---------- TASK INPUT ----------
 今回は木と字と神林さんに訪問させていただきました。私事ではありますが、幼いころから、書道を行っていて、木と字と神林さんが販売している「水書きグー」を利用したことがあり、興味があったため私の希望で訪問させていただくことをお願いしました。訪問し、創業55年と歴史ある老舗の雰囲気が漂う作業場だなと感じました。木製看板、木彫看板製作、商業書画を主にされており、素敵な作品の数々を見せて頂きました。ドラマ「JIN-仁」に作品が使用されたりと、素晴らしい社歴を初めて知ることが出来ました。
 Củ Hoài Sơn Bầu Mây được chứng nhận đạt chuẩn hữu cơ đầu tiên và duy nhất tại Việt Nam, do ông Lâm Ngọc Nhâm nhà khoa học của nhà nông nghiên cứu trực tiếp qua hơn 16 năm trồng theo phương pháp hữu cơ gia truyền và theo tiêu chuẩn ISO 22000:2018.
----------
---------- TASK INPUT ----------
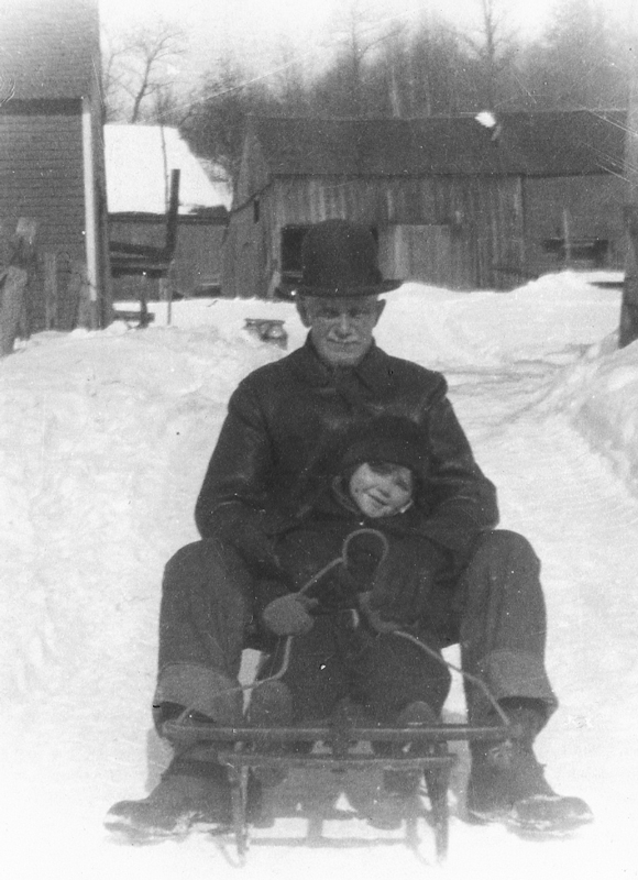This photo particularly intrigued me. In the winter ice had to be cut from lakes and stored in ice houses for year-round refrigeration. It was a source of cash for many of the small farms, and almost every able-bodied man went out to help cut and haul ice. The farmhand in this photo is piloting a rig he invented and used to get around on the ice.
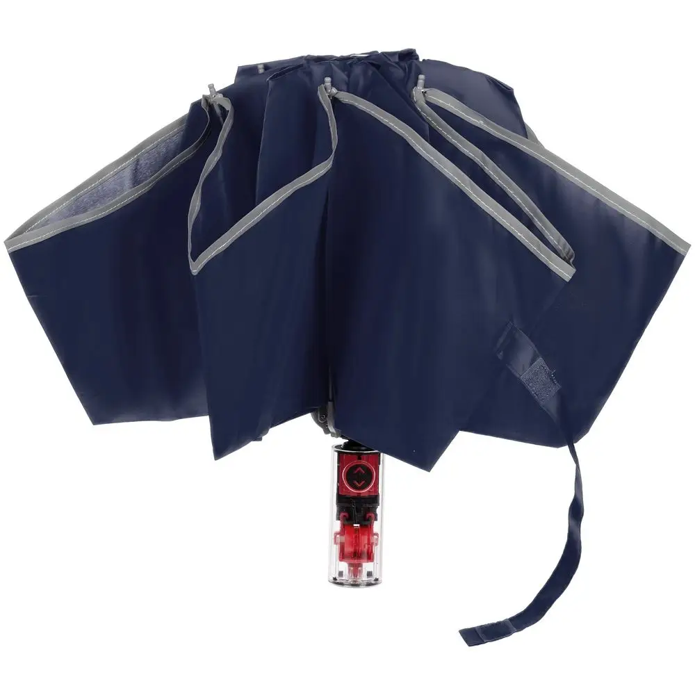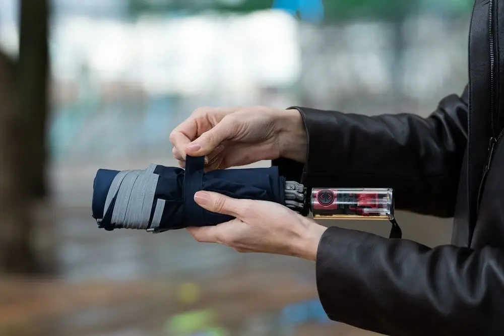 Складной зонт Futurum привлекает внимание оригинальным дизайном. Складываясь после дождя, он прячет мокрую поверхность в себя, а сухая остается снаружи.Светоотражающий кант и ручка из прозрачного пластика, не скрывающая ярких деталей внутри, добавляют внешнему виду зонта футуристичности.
----------
ASSIGNMENT: Keep both end lines and retype everything in the records above from the line containing "今回は木と字と神林さんに訪問" through the line containing "Củ Hoài Sơn", exactly, with nothing else.

ANSWER TO THIS PROBLEM:
 今回は木と字と神林さんに訪問させていただきました。私事ではありますが、幼いころから、書道を行っていて、木と字と神林さんが販売している「水書きグー」を利用したことがあり、興味があったため私の希望で訪問させていただくことをお願いしました。訪問し、創業55年と歴史ある老舗の雰囲気が漂う作業場だなと感じました。木製看板、木彫看板製作、商業書画を主にされており、素敵な作品の数々を見せて頂きました。ドラマ「JIN-仁」に作品が使用されたりと、素晴らしい社歴を初めて知ることが出来ました。
 Củ Hoài Sơn Bầu Mây được chứng nhận đạt chuẩn hữu cơ đầu tiên và duy nhất tại Việt Nam, do ông Lâm Ngọc Nhâm nhà khoa học của nhà nông nghiên cứu trực tiếp qua hơn 16 năm trồng theo phương pháp hữu cơ gia truyền và theo tiêu chuẩn ISO 22000:2018.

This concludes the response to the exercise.